Table 7 shows the comparison with the annual operation costs between TBM, CBM, and the proposed method. For the sake of a fair comparison, the same conditions are selected, which correspond to the simulation times.

From Table 7, it can be seen that the annual operation costs of TBM is obviously highest values, comparing with the maintenance strategies. Because of that TBM involves the unnecessary expense, which is based on the maintenance costs to ensure the reliability. Besides, TBM is not considered the actual condition of overhead lines. On the other hand, CBM is only driven by the actual condition. According to the importance in transmission system, the maintenance actions could be different even though each state of overhead lines is same. However, CBM is surely carries out the maintenance action to equipment when each state turns into specified state. Thus, the annual operation cost of CBM is more than that of the proposed method, while the annual operation cost of CBM is even less than that of TBM. It should be noted that the proposed maintenance method is more cost effective than previous methods such as TBM and CBM. Moreover, by using the MPI, transmission utilities can easily achieve optimal maintenance action to evaluate the impact on system reliability.

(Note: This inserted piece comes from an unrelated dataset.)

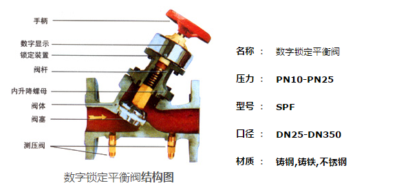 數字鎖定平衡閥是一種特殊功能的閥門,有定量的測量功能和調節功能,系統調試時,調試人員通過與專用智能儀表人機對話,對平衡閥進行調整,即可實現系統的水力平衡。它具有良好的流量調節特性,相對流量與相對開度呈線性關系。有精確的閥門開度指示,*小讀數爲閥門全開度的1℅。有可靠的開度鎖定記憶裝置,閥門開度變動後可恢複至原鎖定位置。有截止功能,安裝瞭平衡閥就不必再安裝截止閥。

Table 7.Comparison with Annual operation costs according to maintenance methods

5.2 The IEEE 30-bus system results

The IEEE 30-bus system has 6 generators, 41 lines. The test data (bus data, line parameters, and generation cost) for these two test systems are taken from the MATPOWER toolbox [24].

Table 8 and Table 9 show the LEI and FEI for the overhead lines of IEEE 30-bus test system. Since the evaluation process of LEIj is already shown in IEEE 9-bus case, the detailed evaluation process such as obtaining LEIi,j was shortened in this section.

Table 8.LEI of each overhead line in the IEEE 30-bus system

Table 9.FEI of each overhead line in the IEEE 30-bus system

Fig. 4 shows the annual operation costs for IEEE 30-bus system with each MCI. In this simulation, the annual operation cost over 50 years for IEEE 30-bus system is lowest when maintenance is based on MCI = 2.16.

Fig. 4.Annual opertaion costs versus MCI for the overhead line in IEEE30-bus test system

Table 10 shows the comparison with the annual operation costs between TBM, CBM, and the proposed method.

As shown in Table 10, the proposed maintenance method is more cost effective than previous methods such as TBM and CBM. This results shows that the proposed method is still effective for larger practical system.

Table 10.Comparison with Annual operation costs according to maintenance methods

 

6. Conclusion

This paper proposed an effective reliability-centered maintenance strategy in overhead transmission lines. Unlike existing maintenance methods of overhead lines, our maintenance strategy, based on MPI, not only considers the physical condition of overhead lines but also demonstrates the importance of system reliability. The MPI can be easily achieved for cost-effective maintenance strategy by combining each state and importance index of overhead lines. Especially, the proposed importance index on MPI (LEI and FEI) also enables overhead transmission lines to be estimated their importance of system reliability. The validity of the proposed method has been tested on an IEEE 9-bus system. According to the proposed maintenance strategy, the transmission utility observes the condition of the overhead line using a sensor in order to define each state and evaluate its MPI. The priority for maintenance of overhead lines is determined whose MPI is greater than the MCI, by calculating through a sequential Monte Carlo simulation. Obtained results have been presented and compared with those of TBM and CBM, simple application of our method that shows reasonable results of the proposed strategy, because of cost effectiveness in the reliability approach. In addition, the system information obtained by using MPI of each overhead line can provide useful guidelines to the transmission utilities, when their maintenance strategy is developed for transmission planning. The research work is under way in order not only to develop better reliability centered approach in large scale power system, but also to find a suitable weighting factor, thereby combining incommensurable objectives such as LEI and FEI.